It's well-known that the eigenvalues of the Clement-Kac-Sylvester tridiagonal matrix

$ \begin{pmatrix}
0 & n & 0 & ... & 0 \\\ 
1 & 0 & n-1 &  & ... \\\
0 & 2 & 0 & ... & 0 \\\ 
... &  & ... &  & 2 \\\ 
0 & ... & 0 & n-1 & 0
\end{pmatrix}$

are $\pm (n), \pm (n-2), ..., (\pm1 \; or \; 0)$. Please refer to <http://mathoverflow.net/questions/132186/regarding-a-paper-by-paul-a-clement-on-tridiagonal-matrices/132261#132261> and <http://math.stackexchange.com/questions/405670/regarding-a-paper-by-paul-a-clement-on-tridiagonal-matrices> for details.

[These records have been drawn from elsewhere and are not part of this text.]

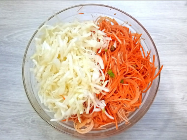 Добавьте к капусте заправленные овощи и хорошо перетрите их руками.
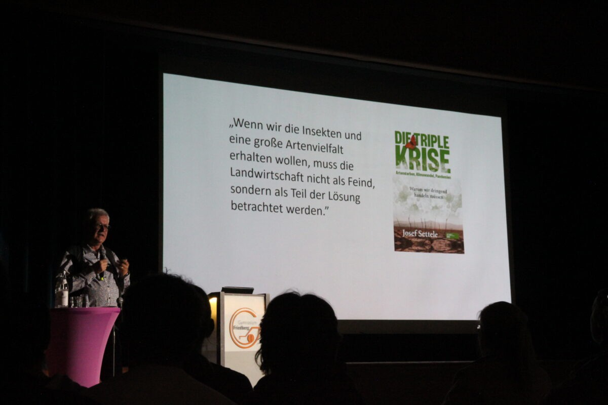 Settele, Autor des Bestsellers Keine Zeit für Pessimismus, berichtete aus seiner Arbeit als Sachverständiger für die Bundesrepublik Deutschland und in internationalen Staatengruppen. Seine Motivation sei klar: „Die beteiligten Staaten können nicht mehr behaupten, sie hätten von der brenzligen Lage nichts gewusst.“ Sein besonderes Augenmerk gilt der Biodiversität. Der Mensch, so Settele, sei in seiner Existenz fundamental auf Artenvielfalt angewiesen.
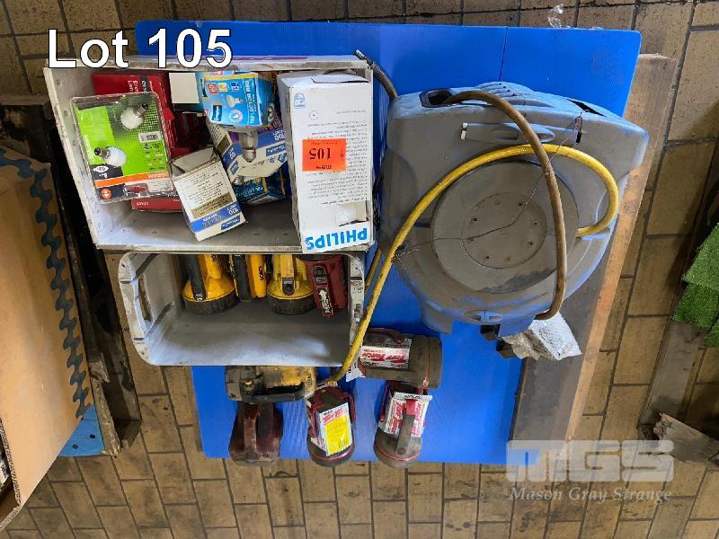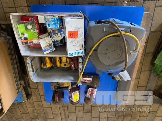 9 x ASSORTED TORCHES, RETRACTABLE AIR REEL & 1 x CARTON MIXED LIGHT GLOBES
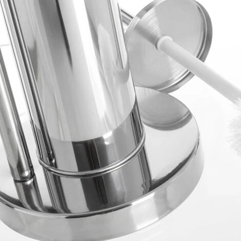 Realizzato interamente in acciaio inox cromato in colore silver con base portascopino irotonda che dona eccellente stabilità al portarotolo.
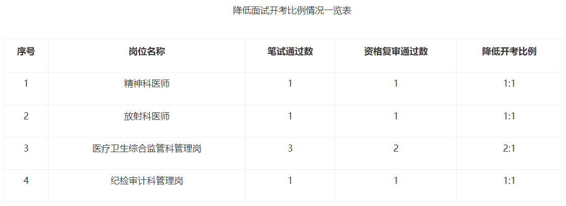 根据《宁夏医科大学附属中医医院2025年下半年公开招聘备案制工作人员公告》要求和资格复审情况,经医院公开招聘备案制工作人员领导小组同意,对4个招聘岗位降低面试开考比例。
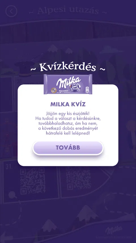 不远的地方,白雪皑皑的山脉轻轻高山lankákkal交融,有一个神话般的小镇,那里的居民迫不及待地参观! 您还可以得到移动互动társasjátékunkkal高山之旅,并品尝到甜美的紫色tejcsokisan BERGI生活!虽然在这个小镇充满柔情所有,不乏从增强现实得益于独特的技术为居民惊喜地从游戏世界中显示二维紫伯格退出! 你怎么玩? 1.确保手机有至少70%的填充。 2.启动游戏的正确游戏模式,触摸屏幕上用模辊,然后把你的脚步在董事会第一! 3.将使用我们的扫描领域,这(在屏幕中间从场定位代码)到达时,按照说明进行操作,准备一个惊喜:能够吸收电池寿命过他们中的一些! 4.在屏幕的左上角“后退”按钮,退出游戏从主菜单中的任意时间。 家庭游戏模式 寻找一块游戏,每个人都得到一个,然后将它们放置在开始字段(使用FIGURA,瓶盖,钱币或一块在家里的公寓之一的)!在游戏过程中,请确保您的木偶未覆盖的代码的领域
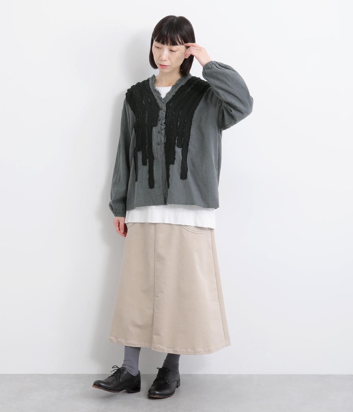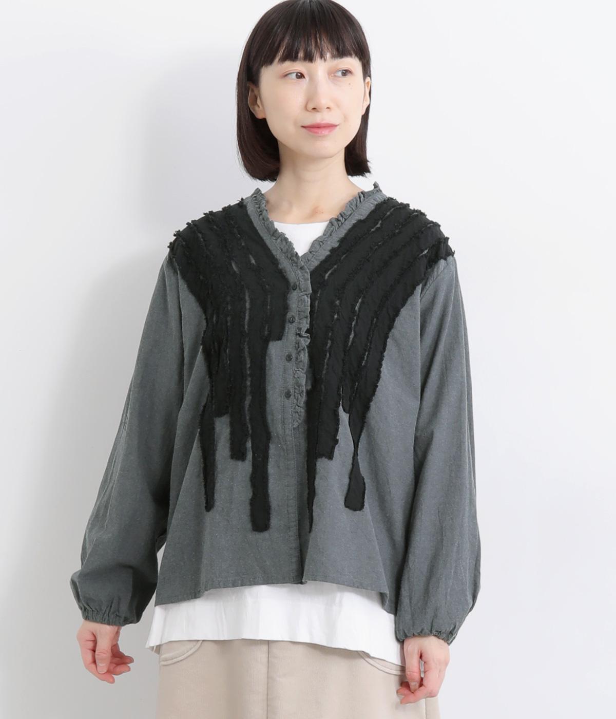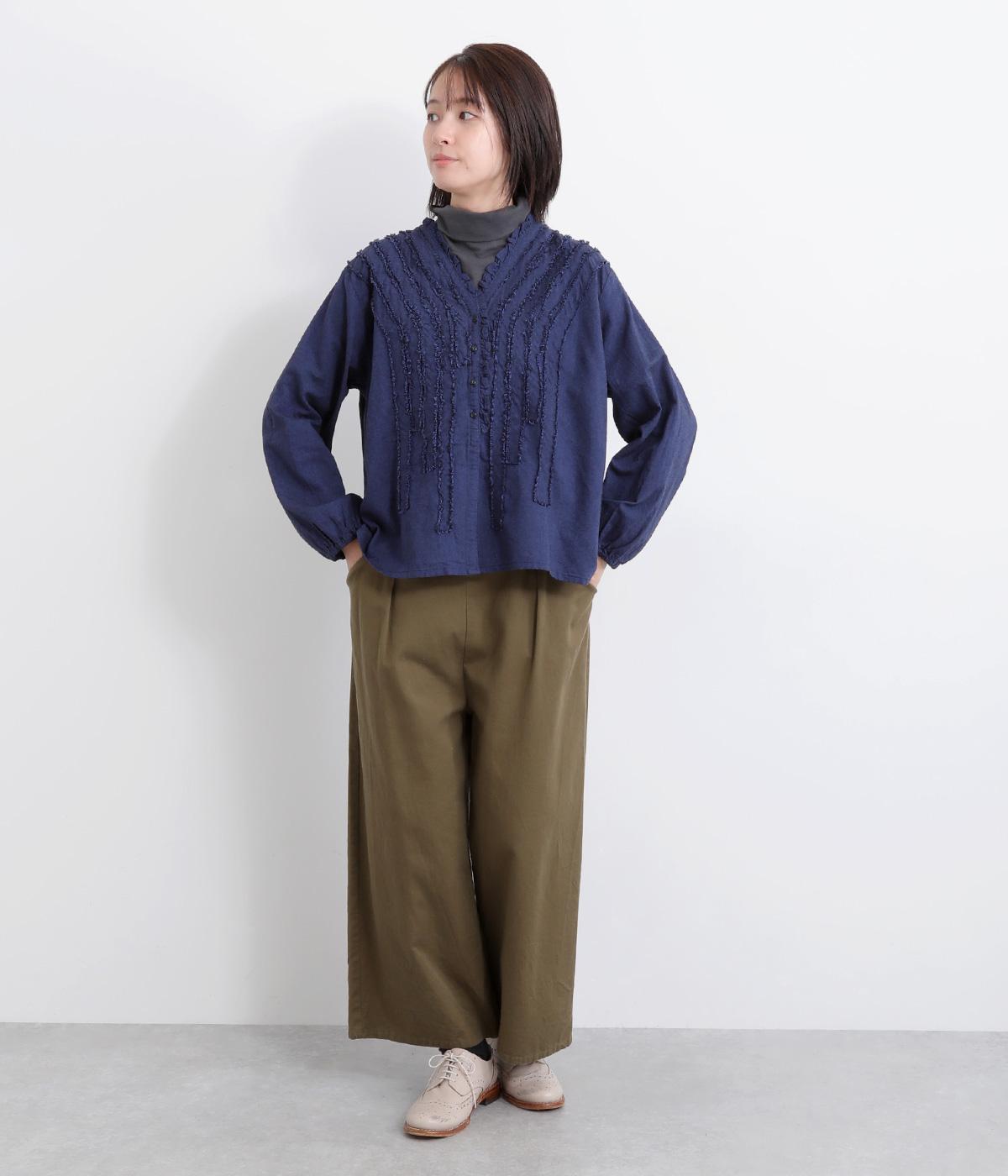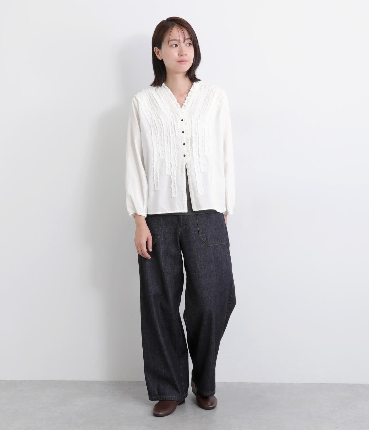 たっぷりとしたフリンジや前立てのフリルが特徴的なデザイン。甘いディテールも、ナチュラル素材でほどよく中和され、デイリーに着まわしやすく仕上がっています。袖口はゴムが入っているので、手作業のときなどたくし上げもイージー。

My question is do we know the eigenvalues of the leading principal submatrix of the Clement-Kac-Sylvester tridiagonal matrix $(r>2)$:

$ \begin{pmatrix}
0 & n & 0 & ... & 0 \\\ 
1 & 0 & n-1 &  & ... \\\
0 & 2 & 0 & ... & 0 \\\ 
... &  & ... &  & r \\\ 
0 & ... & 0 & n-r+1 & 0
\end{pmatrix}$

or do we have any lower/upper bound on the eigenvalues of this submatrix.